Does anyone pay the ITA Fees other than credit card in London Branch? If yes, what information you provided in the bank draft. 

NZ Immigration replied me regarding Bank Draft:
If you wish to pay by Bank Draft, the payee needs to be 'Immigration New Zealand' and the cheque must bear the name and address of a bank branch in the UK from where we can draw the neccessary funds.
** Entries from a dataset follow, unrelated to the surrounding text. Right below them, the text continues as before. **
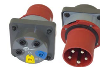
Three-phase socket adapter 63 A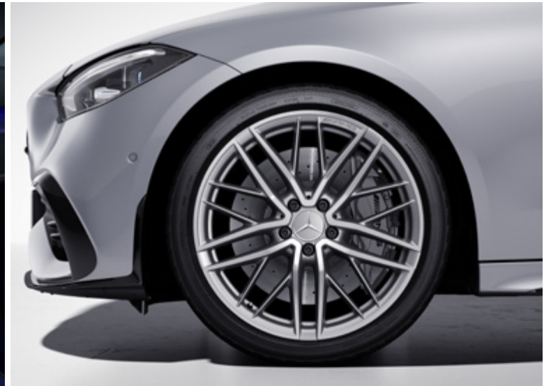
5-twin-spoke 48.3 cm (19") AMG light-alloy wheels (RSW) | Brake callipers painted silver (B06)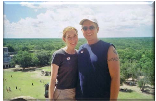
Mexican Ruins outside Cancun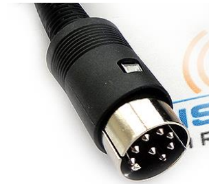
Fig. 1 8-pin plug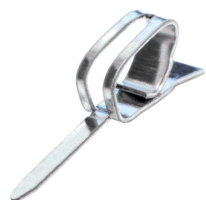
Through hole solder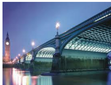
Westminster Bridge (near our hotel)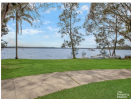
1/119 Griffith Street, Mannering Park, NSW 2259

Avery Property Professionals Rental Department - 02 4959 1677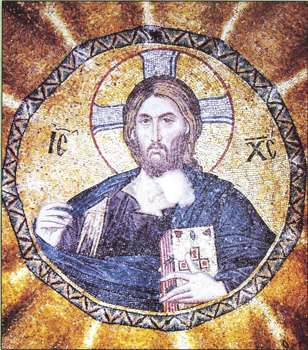
Icon of Christ Pantocrator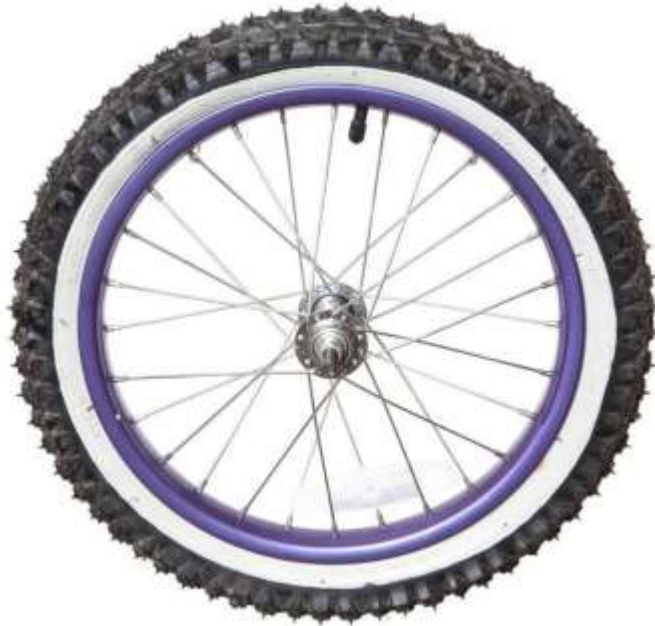
Fig 3: Rear-wheel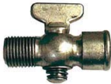
MALE X FEMALE AIRCOCK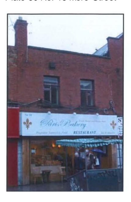
Plate 50 No. 18 More Street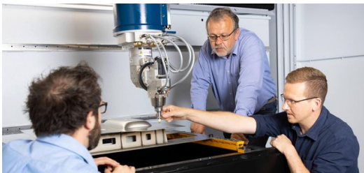
Discussing, arguing and seeking solutions together: the good cooperation between sons and father has taken the company a long way, on course for the Smart Factory.

I don't understand which Bank Name and Address should I mention in my Bank Draft as my Bank doesn't have any branch in UK.

Regards,
Irfan.


----------



## topcat83 (Apr 16, 2009)

irfanaly said:


> Does anyone pay the ITA Fees other than credit card in London Branch? If yes, what information you provided in the bank draft.
> 
> NZ Immigration replied me regarding Bank Draft:
> If you wish to pay by Bank Draft, the payee needs to be 'Immigration New Zealand' and the cheque must bear the name and address of a bank branch in the UK from where we can draw the neccessary funds.
> ...


Is that because it's a non-UK bank that doesn't have a UK sort code and account number or hold your funds in GBP? 
Or a bank like First Direct that does everything on-line? 
If it's the former then it might be a problem. If it's the latter, then they will have a 'branch' - albeit probably at their 'head office'. The sort code (the 6 digit number) is the equivalent of the 'branch' reference.


----------